Can I monitor the job queue status automatically?
Because archTIS creates a unique search_queue_<GUID> table for every scan, any automation must first identify the correct table name before it can query the status counts.
1. Identify the Active Table Name
You can automate the discovery of the active scan table by querying the PostgreSQL information schema.
A script would first run:
SELECT table_name
FROM information_schema.tables
WHERE table_name LIKE 'search_queue_%'
AND table_name != 'search_queue';
2. Automation via PowerShell (Recommended)
Since these are Windows Agents, PowerShell is the most effective tool for local automation.
You can use the Npgsql library or the psql command-line tool (if available in the agent path) to export metrics.

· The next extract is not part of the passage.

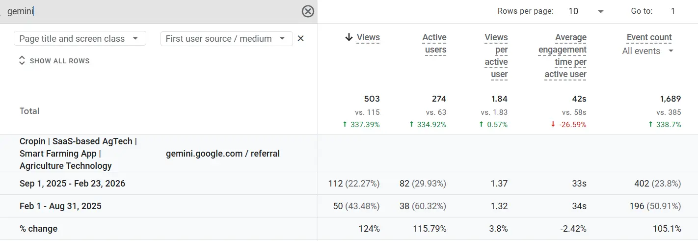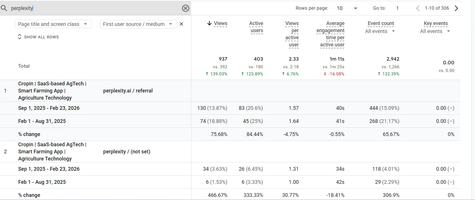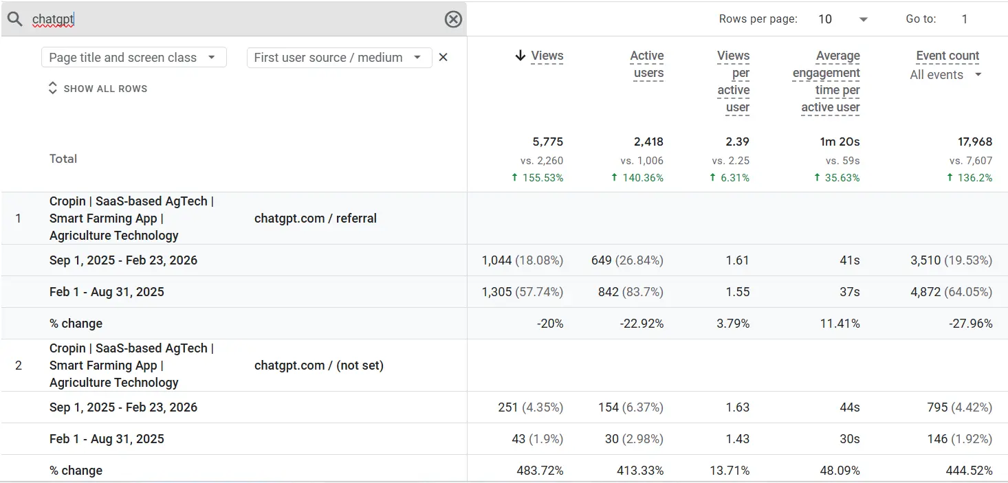 From September 2025 to February 2026, Cropin received a high number of views and active users via ChatGPT, maximizing their website engagement. The website received a total of 1,044 views and 649 active users from the ChatGPT responses. The number of views per active user was at 1.61, an increase of 3.79%. The average engagement time per active user went from 37 seconds to 41 seconds as well.

Example Logic for a Monitoring Script:
- Retrieve Credentials: Use the local agent configuration or environment variables to get the Postgres username/password.

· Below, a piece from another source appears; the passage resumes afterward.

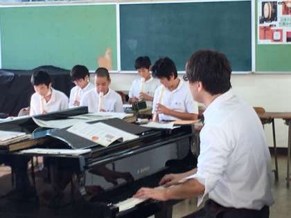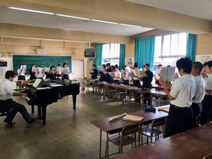音楽の授業です。アルトリコーダーや合唱を練習しています。

- Connect to Port 5433: Ensure the script targets the Spirion-specific Postgres port.
- Loop the Status Query: Run the following query every 60 seconds to track progress:
SELECT status, COUNT(*)
FROM public.<DYNAMIC_TABLE_NAME>
GROUP BY status; - Output to Logs/Monitoring Tool: Pipe these results into a local log file, a SIEM agent, or a performance monitoring tool (like Datadog or Zabbix).
3. Key Metrics to Watch (Automation Triggers)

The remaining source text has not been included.